このバルティマイは、道端に座って物乞いをしていたと言います。目が見えませんから、物音だけが頼りです。けれどもある日、この盲人の耳に、ただならぬ雰囲気が伝わってきます。いったい何だろう。誰が通っているんだろう。……周りの人に尋ねました。「これは、いったい何事ですか」。「ナザレのイエスのお通りだ」。どこかで、その名前を聞いたことがあったのでしょうか。その評判を耳にしたことがあったのでしょうか。しかし、そのお方が「お通りだ」と言われても、問題は、何しろ目が見えませんから、どこにおられるのかもよく分からない。今どのあたりにおられるんだろうか。もう通り過ぎてしまわれたのだろうか。叫んだら聞こえるだろうか。それも分からない。それだけに、力いっぱいに叫んだと思います。「わたしを憐れんでください。主よ、どこにおられるのですか。わたしはここにいます。イエスさま、イエスさま、わたしの声が聞こえますか。どうか聞いてください」。ところが、「先に行く人々が叱りつけて黙らせようとした」。つまり、こともあろうに、主イエスと共にいた、その先頭を歩く人たち、というのはつまり弟子たちのことでしょう、「うるさい、黙れ、いいかげんにしろ」と押さえつけようとする。けれども、ここで主イエスに通り過ぎられてしまったら、もう二度とチャンスはないと思うから、ますます大声で、「わたしを憐れんでください」と叫び続ける。そうしたら、「うるさい」というような声しか聞こえなかったところに、急に誰かが近寄って来て言いました。「イエスさまが呼んでいるよ。そばに来いっておっしゃっている」。イエスさまが、そのようにわたしを呼んでくださって……それで、ほら見てごらん、今はこのように、目が見えるようになったんだ。そう語るバルティマイの言葉を、教会の人びとも、喜んで聞いたし、バルティマイもまた喜んで語り続けた。イエスさまに会えて本当によかった、というその喜びを分かち合ったのです。

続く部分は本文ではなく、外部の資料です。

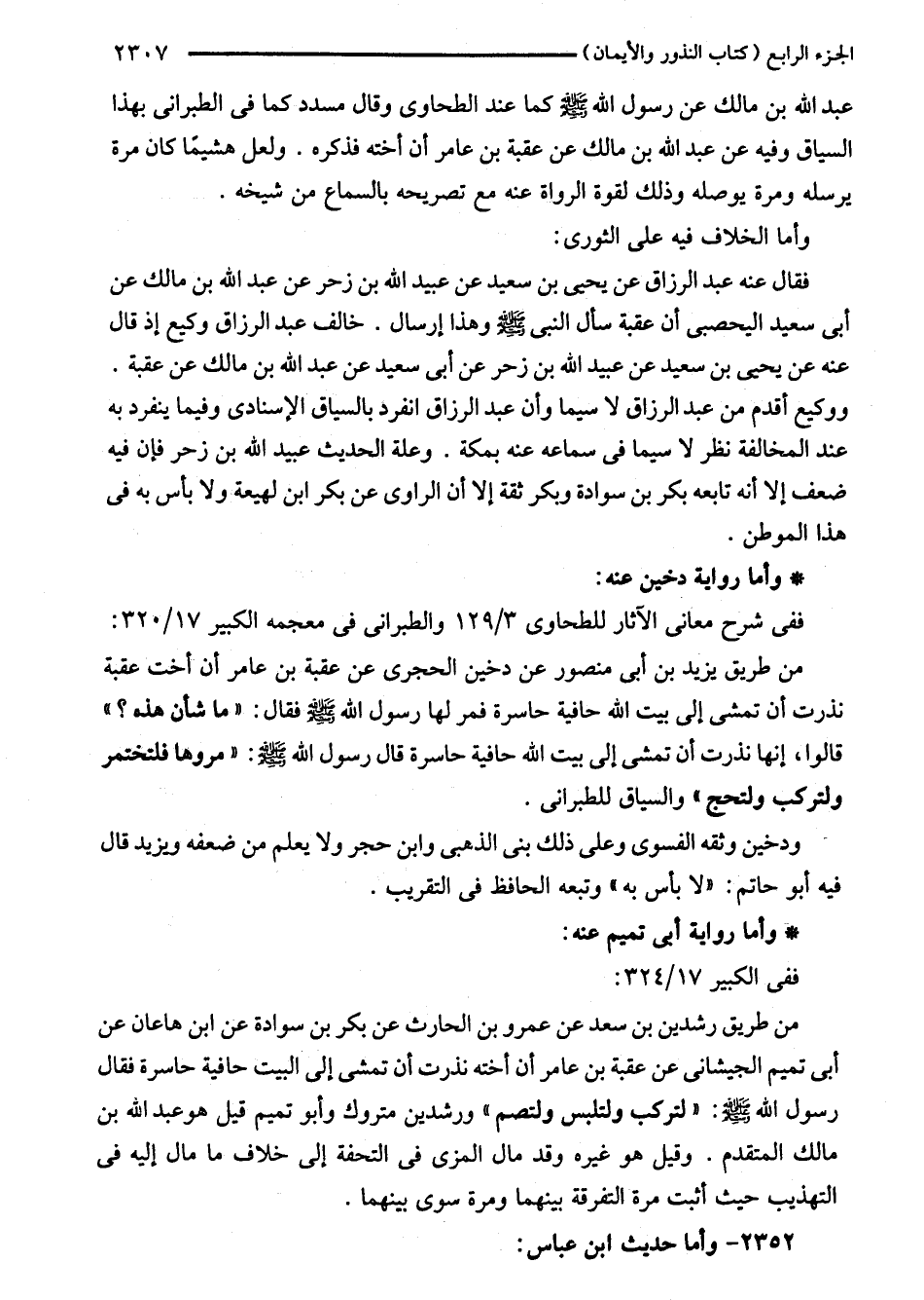 فقال عنه عبد الرزاق عن يحيى بن سعيد عن عبيد اللَّه بن زحر عن عبد اللَّه بن مالك عن أبي سعيد اليحصبى أن عقبة سأل النبي - صلى اللَّه عليه وسلم - وهذا إرسال. خالف عبد الرزاق وكيع إذ قال عنه عن يحيى بن سعيد عن عبيد اللَّه بن زحر عن أبي سعيد عن عبد اللَّه بن مالك عن عقة. ووكيع أقدم من عبد الرزاق لا سيما وأن عبد الرزاق انفرد بالسياق الإسنادى وفيما ينفرد به عند المخالفة نظر لا سيما في سماعه عنه بمكة. وعلة الحديث عبيد اللَّه بن زحر فإن فيه ضعف إلا أنه تابعه بكر بن سوادة وبكر ثقة إلا أن الراوى عن بكر ابن لهيعة ولا بأس به في هذا الموطن.

ところで、私はこの物語を読みましたときに、ひとつどうしても気になったことがあります。40節で、「イエスは立ち止まって、盲人をそばに連れて来るように命じられた」。そして、「彼が近づくと……」。この福音書の書き方からすると、主イエスが直接、この盲人を呼んでくださったわけでもないし、主イエスがこの人に近づいてくださったわけでもなさそうです。主イエスは立ち止まったままです。あの人を連れて来いと命令された人が、わざわざ呼びに来たのです。もしかしたら、それこそ先頭に立って、「うるさい、いいかげんにしろ」と言っていた人が、慌てて態度を変えて、「お、おう、お前、イエスさまがそばに来いっておっしゃっているぞ。よかったなあ」などと言ったのかもしれません。しかし考えてみれば、なぜ主イエスがご自分でこの男に近づいてくださらなかったのだろうか。なぜ直接、わたしがあなたのそばにいるよ、と言ってくださらなかったのだろうか。立ち止まったまま、ほかの人に「連れて来るように」と命じられた。何だかこの日のイエスさまは偉そうだなあ、という感想もあり得るかもしれません。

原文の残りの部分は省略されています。